Problem. Rotate an array to the right by k steps, in place with O(1) extra space. For [1,2,3,4,5,6,7], k = 3 gives [5,6,7,1,2,3,4].
Brute force — O(n) time, O(n) space
Copy each element to its destination in a new array:
void rotateExtra(int[] a, int k) {
int n = a.length;
k %= n;
int[] out = new int[n];
for (int i = 0; i < n; i++) out[(i + k) % n] = a[i];
System.arraycopy(out, 0, a, 0, n);
}Clear, but uses O(n) extra space — and a rotate-by-one-k-times approach is O(n·k), far worse.
Optimal — O(n) time, O(1) space (triple reverse)

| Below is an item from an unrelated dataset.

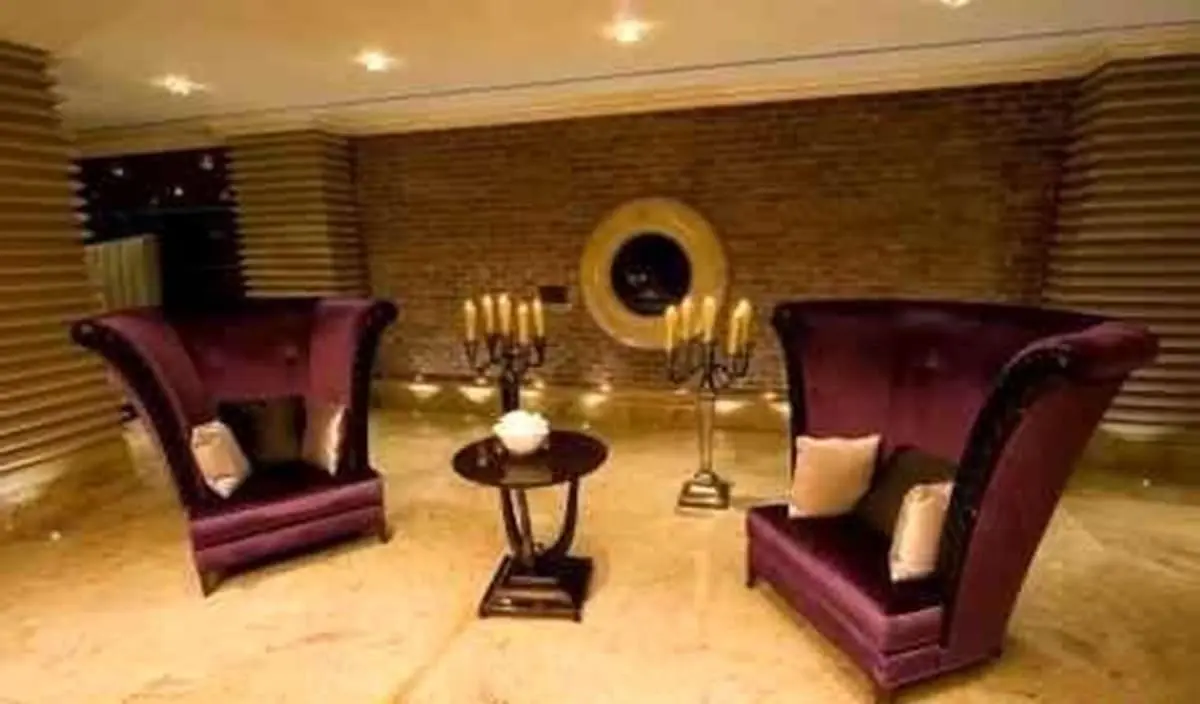 در طراحی داخلی منازل بزرگ و مجلل، باید به جزئیات هر قسمت توجه ویژهای داشت. تصویر نشاندهنده دو مبل جداگانه است که در گوشهای از پذیرایی قرار گرفتهاند و کنار آنها شمعدانهای بزرگ و زیبایی قرار گرفته است. رنگ بنفش یکی از رنگهای پرکاربرد و نماد لوکس بودن در دکوراسیون کلاسیک خانههای مجلل است.

The key insight: a right-rotation by k splits the array into two blocks — the last k elements and the first n − k — and swaps their order. Reversing the whole array flips both block order and the internal order of each block; reversing each block back fixes the internal order. Three reversals, all in place:
public void rotate(int[] a, int k) {
int n = a.length;
k %= n; // k may exceed n
if (k == 0) return;
reverse(a, 0, n - 1); // whole array
reverse(a, 0, k - 1); // first k
reverse(a, k, n - 1); // rest
}
private void reverse(int[] a, int i, int j) {
while (i < j) {
int tmp = a[i]; a[i] = a[j]; a[j] = tmp;
i++; j--;
}
}Walking through [1,2,3,4,5,6,7], k = 3:
start: 1 2 3 4 5 6 7 reverse all: 7 6 5 4 3 2 1 reverse [0,2]: 5 6 7 4 3 2 1 reverse [3,6]: 5 6 7 1 2 3 4 <- rotated
Each element is touched a constant number of times across the three reversals → O(n) time, O(1) space.